US House Resolution 5319, the Deleting Online Predators Act (DOPA), was passed by a 410 to 15 vote tonight. If the Resolution becomes law social networking sites and chat rooms must be blocked by schools and libraries or those institutions will lose their federal internet subsidies.

Techcrunch » Blog Archive » US House: Schools must block MySpace, many other sites


This American move could have a huge impact on Canada, and the world, and the Web, but I think they are simply trying to dam the ocean. It's too late. And it's totally ironic.


It's Too Late

Pandora's Box has been opened, the genie is out of the bottle, this new semiosis will not be stopped, as long as there's electricity, computers, and networks. If/When those are destroyed, we'll have more to worry about than MySpace!


It's Totally Ironic

Guess who created the ancestor of the Web?
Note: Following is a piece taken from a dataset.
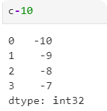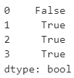 a=pd.DataFrame(np.arange(12).reshape(3,4)) a c=pd.Series(np.arange(4)) c a>c c>0

The American military during the Cold War, wanted a way to make sure they could keep controlling their fighting forces even if all major cities were wiped out, so they created ARPANET, and from ARAPANET came the Internet, followed by Tim Berners-Lee's development of a visual interface, and, thus, the World Wide Web, and, currently Web 2.0, the Read/Write or Social Web, where the fearful MySpace is located.


Net Neutrality and the American Internet Regulator

The video, with sound, will start to play after you click - almost 5 minutes - on YouTube and Jon Stewart - It's funny, but it's terrifying because the people making the rules appear to know so little.

Net neutrality, BTW, is a different issue than DOPA - it's the attempt of commercial interests to make the Web less democratic, to set up a two-tiered, or multi-tiered system where some sites would be less available than others depending on your service providers whims, or business deals. And this could affect Canada directly too, as Michael Geist has pointed out:


Websites, e-commerce companies, and other innovators have also relied on network neutrality, secure in the knowledge that the network treats all companies, whether big or small, equally. That approach enables those with the best products and services, not the deepest pockets, to emerge as the market winners.Internet users have similarly benefited from the network neutrality principle. They enjoy access to greater choice in goods, services, and content regardless of which ISP they use. While ISPs may compete based on price, service, or speed, they have not significantly differentiated their services based on availability of Internet content or applications, which remains the same for all.In short, network neutrality has enabled ISPs to invest heavily in new infrastructure, fostered greater competition and innovation, and provided all Canadians with equal access to a dizzying array of content.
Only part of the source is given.